The copy you produce must repeat each record exactly and contain no pictures.
☆ ☆ ☆ ☆ ☆ ☆ ☆
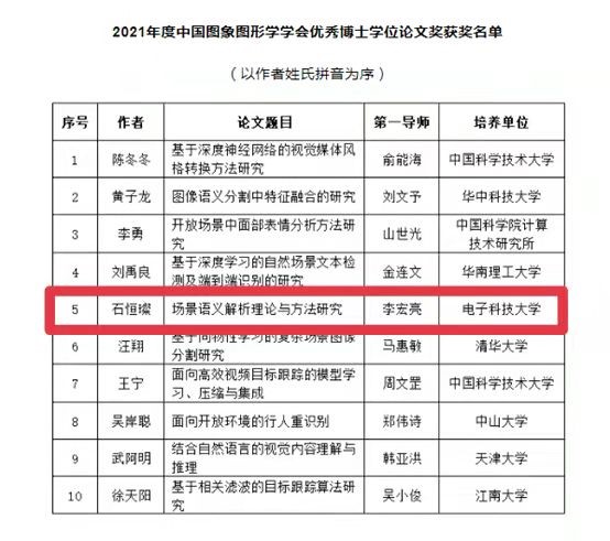 日前,2021年度中国图象图形学学会优秀博士学位论文奖评选结果揭晓,william英国中文石恒璨的博士论文《场景语义解析理论与方法研究》入选全国优秀博士学位论文,指导教师为william英国中文国家杰出青年科学基金获得者李宏亮教授。
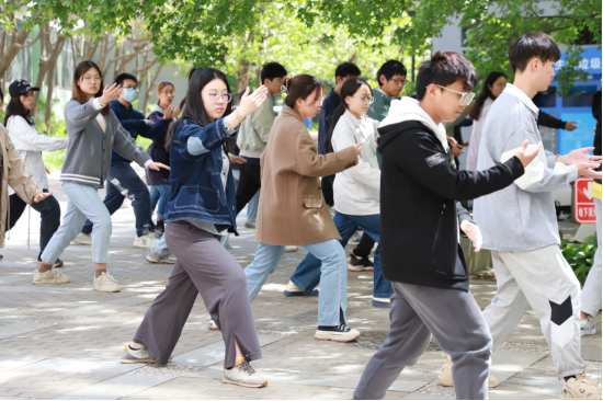 2023年4月25日,为增强中财师生身体素质,提升心理健康水平,活跃员工社区氛围,持续推进“一站式”员工社区建设,太阳集团tyc539macau德育示范基地“健康加油站”组织全校师生开展“中财大,动起来”健身运动进社区系列活动,“二十四式太极拳篇”是首站。
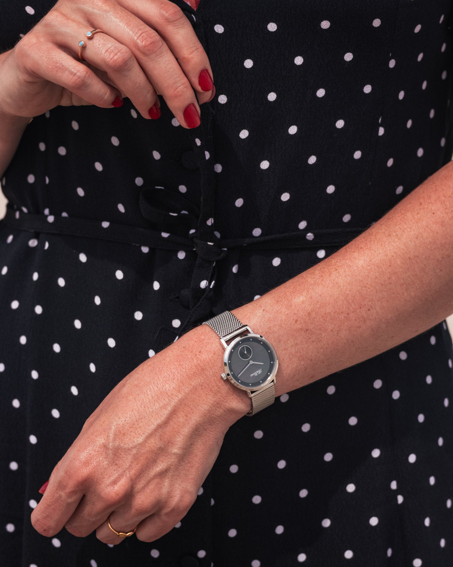 New Sky posiada idealne proporcje. Średnica zegarka to 34mm. Dzięki temu będzie świetnie leżał na każdym kobiecym nadgarstku, ozdabiając go swą elegancją. A gdy będzie taka potrzeba perfekcyjnie wsunie się pod mankiet koszuli, żakietu lub marynarki. To w sytuacjach, gdy jego dyskretna obecność będzie niezaprzeczalnym atutem.
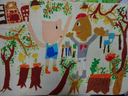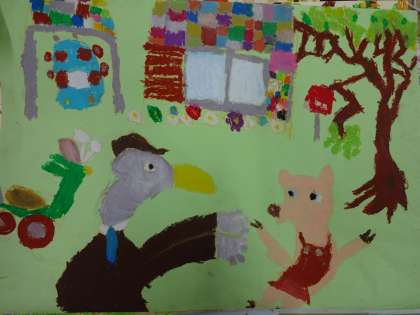 図工の時間,お話を聞いてイメージをふくらまし,絵に表しました。
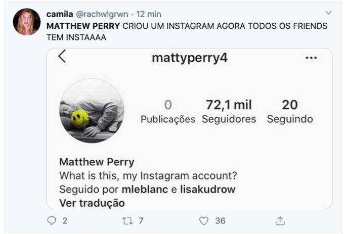 Para a felicidade dos fãs de Friends, Matthew Perry o eterno Chandler Bing, criou um perfil no Instagram. A novidade foi compartilhada por Lisa Kudrow, com uma foto das antigas. Os internautas comemoram muito nas redes sociais. "Finalmente!!! Aeee! Não acredito nos meus olhos, MEUS OLHOS”, legendou.
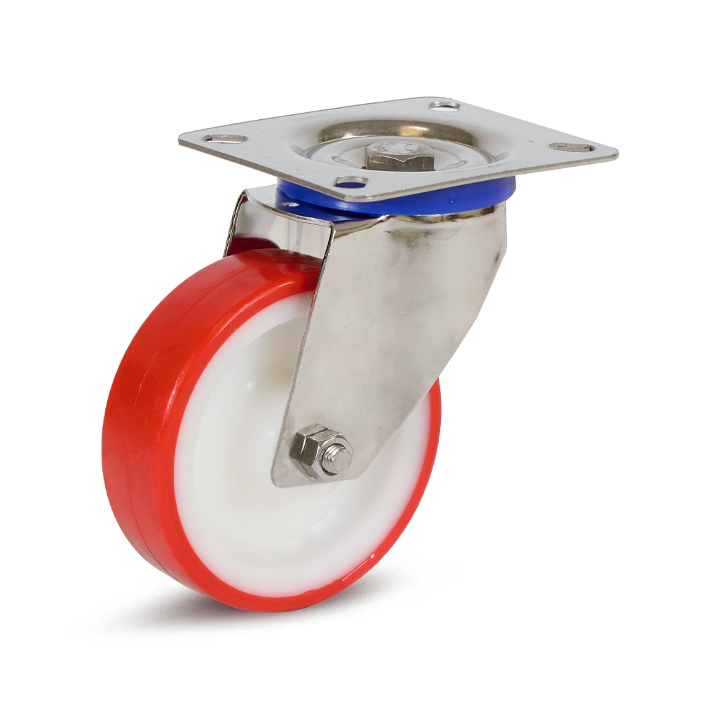 Spezifikationen für: PU-Edelstahl-Lenkrolle mit Kopfplatte - 100mm - 120kg - A
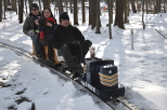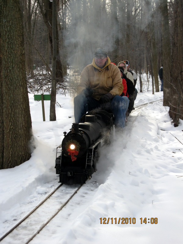 Kitty joins in with Marie in helping to form the dragon out of snow. Ted Nyland as conductor on Ken's train as it leaves the station with Rick Nagy taking over engineer duties on the GP38. |
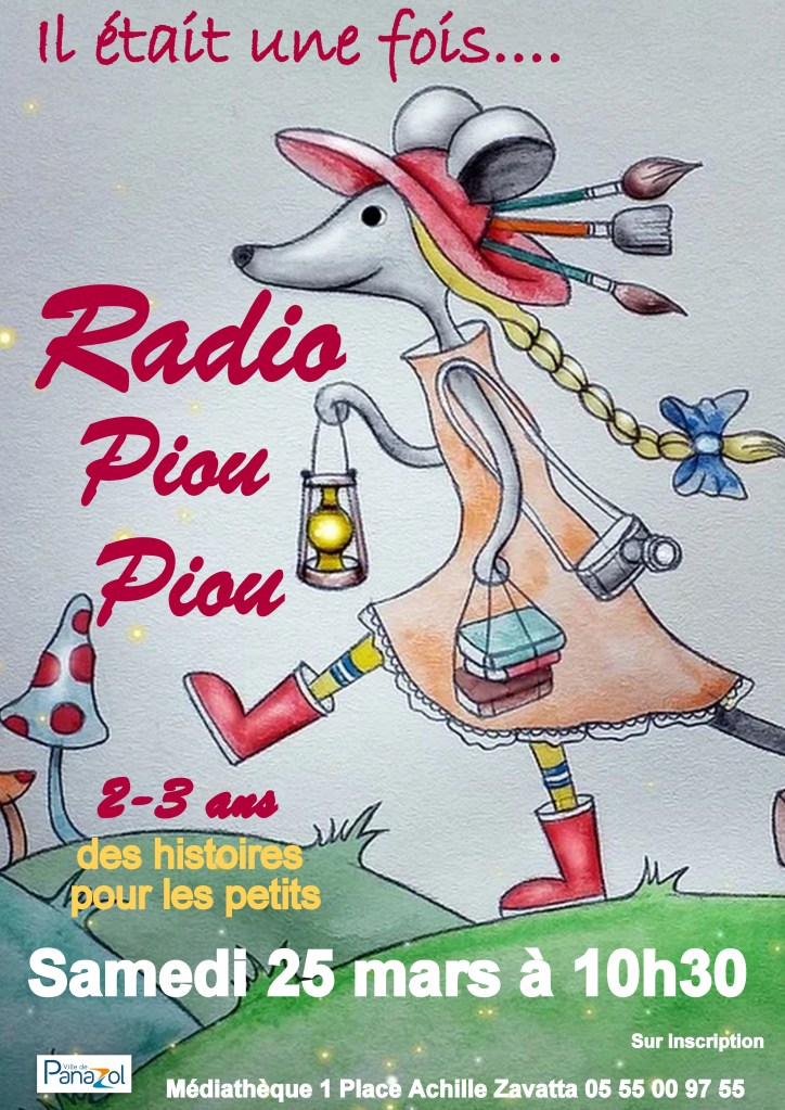 Radio PiouPiou 2-3 ans Publié le 22 mars 2023 par médiathèque de panazol Samedi 25 mars à 10h30 Gratuit sur inscription Partager : Cliquer pour partager sur X(ouvre dans une nouvelle fenêtre) X Cliquez pour partager sur Facebook(ouvre dans une nouvelle fenêtre) Facebook J’aime chargement…
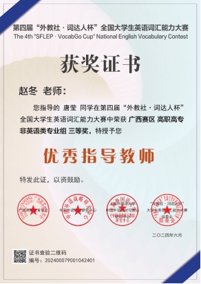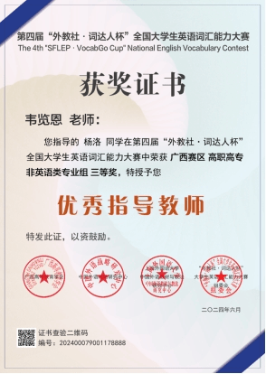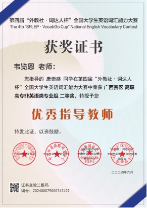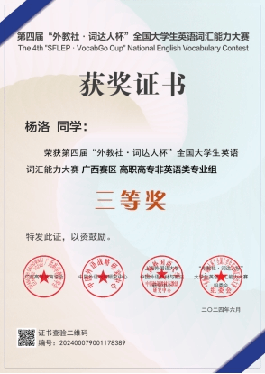 公共教学部 赵冬 报道 近日,星空网页版登录入口学子在第四届“外教社·词达人杯”全国大学生英语词汇能力大赛广西赛区夺得佳绩,囊括省(区)赛二等奖、三等奖。
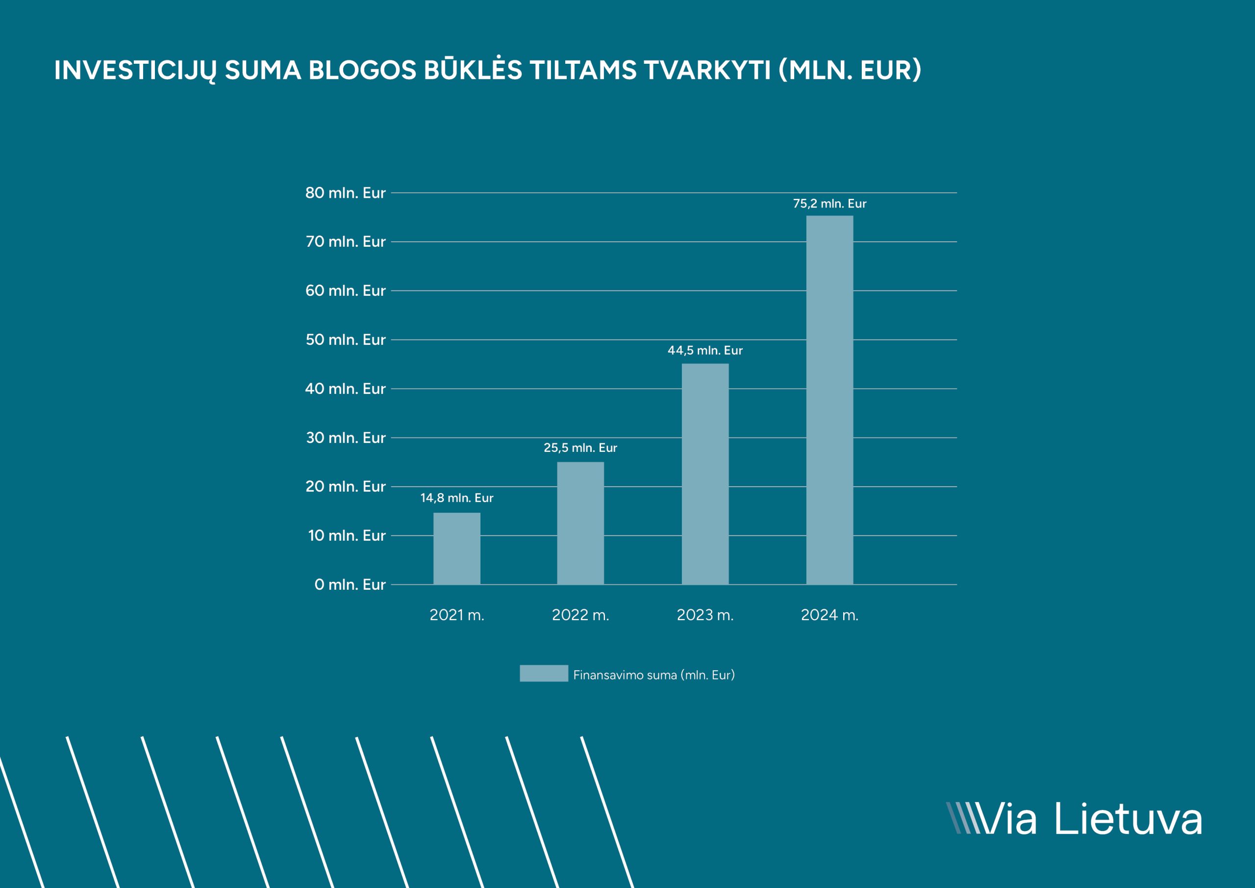 Pagal „Via Lietuva“ skaičiavimus, šiuo metu bendras lėšų poreikis, siekiant sutvarkyti daugiau nei 6 tūkst. km blogos būklės valstybinės reikšmės kelių, yra 5,4 mlrd. eurų. Blogos būklės tiltų, kurių skaičius nuolat auga ir šiuo metu siekia 109, sutvarkyti iki patenkinamos būklės reiktų dar apie 470 mln. eurų. Norint sutvarkyti ir tuos kelius, kurie šiuo metu yra ties kritine riba (būklė dar patenkinama, tačiau jų netvarkant – keliai ims sparčiai blogėti), bendras lėšų poreikis yra 6,5 mlrd. Eur. Tuo tarpu norint sutvarkyti visus tiltus, kurių būklė jau dabar yra bloga ir tuos, kurie yra teis kritine riba – reikalingos apie 1 mlrd. Eur siekiančios investicijos.
☆ ☆ ☆ ☆ ☆ ☆ ☆
| Task solution |
 日前,2021年度中国图象图形学学会优秀博士学位论文奖评选结果揭晓,william英国中文石恒璨的博士论文《场景语义解析理论与方法研究》入选全国优秀博士学位论文,指导教师为william英国中文国家杰出青年科学基金获得者李宏亮教授。
 2023年4月25日,为增强中财师生身体素质,提升心理健康水平,活跃员工社区氛围,持续推进“一站式”员工社区建设,太阳集团tyc539macau德育示范基地“健康加油站”组织全校师生开展“中财大,动起来”健身运动进社区系列活动,“二十四式太极拳篇”是首站。
 New Sky posiada idealne proporcje. Średnica zegarka to 34mm. Dzięki temu będzie świetnie leżał na każdym kobiecym nadgarstku, ozdabiając go swą elegancją. A gdy będzie taka potrzeba perfekcyjnie wsunie się pod mankiet koszuli, żakietu lub marynarki. To w sytuacjach, gdy jego dyskretna obecność będzie niezaprzeczalnym atutem.
 図工の時間,お話を聞いてイメージをふくらまし,絵に表しました。
 Para a felicidade dos fãs de Friends, Matthew Perry o eterno Chandler Bing, criou um perfil no Instagram. A novidade foi compartilhada por Lisa Kudrow, com uma foto das antigas. Os internautas comemoram muito nas redes sociais. "Finalmente!!! Aeee! Não acredito nos meus olhos, MEUS OLHOS”, legendou.
 Spezifikationen für: PU-Edelstahl-Lenkrolle mit Kopfplatte - 100mm - 120kg - A
 Kitty joins in with Marie in helping to form the dragon out of snow. Ted Nyland as conductor on Ken's train as it leaves the station with Rick Nagy taking over engineer duties on the GP38. |
 Radio PiouPiou 2-3 ans Publié le 22 mars 2023 par médiathèque de panazol Samedi 25 mars à 10h30 Gratuit sur inscription Partager : Cliquer pour partager sur X(ouvre dans une nouvelle fenêtre) X Cliquez pour partager sur Facebook(ouvre dans une nouvelle fenêtre) Facebook J’aime chargement…
 公共教学部 赵冬 报道 近日,星空网页版登录入口学子在第四届“外教社·词达人杯”全国大学生英语词汇能力大赛广西赛区夺得佳绩,囊括省(区)赛二等奖、三等奖。
 Pagal „Via Lietuva“ skaičiavimus, šiuo metu bendras lėšų poreikis, siekiant sutvarkyti daugiau nei 6 tūkst. km blogos būklės valstybinės reikšmės kelių, yra 5,4 mlrd. eurų. Blogos būklės tiltų, kurių skaičius nuolat auga ir šiuo metu siekia 109, sutvarkyti iki patenkinamos būklės reiktų dar apie 470 mln. eurų. Norint sutvarkyti ir tuos kelius, kurie šiuo metu yra ties kritine riba (būklė dar patenkinama, tačiau jų netvarkant – keliai ims sparčiai blogėti), bendras lėšų poreikis yra 6,5 mlrd. Eur. Tuo tarpu norint sutvarkyti visus tiltus, kurių būklė jau dabar yra bloga ir tuos, kurie yra teis kritine riba – reikalingos apie 1 mlrd. Eur siekiančios investicijos.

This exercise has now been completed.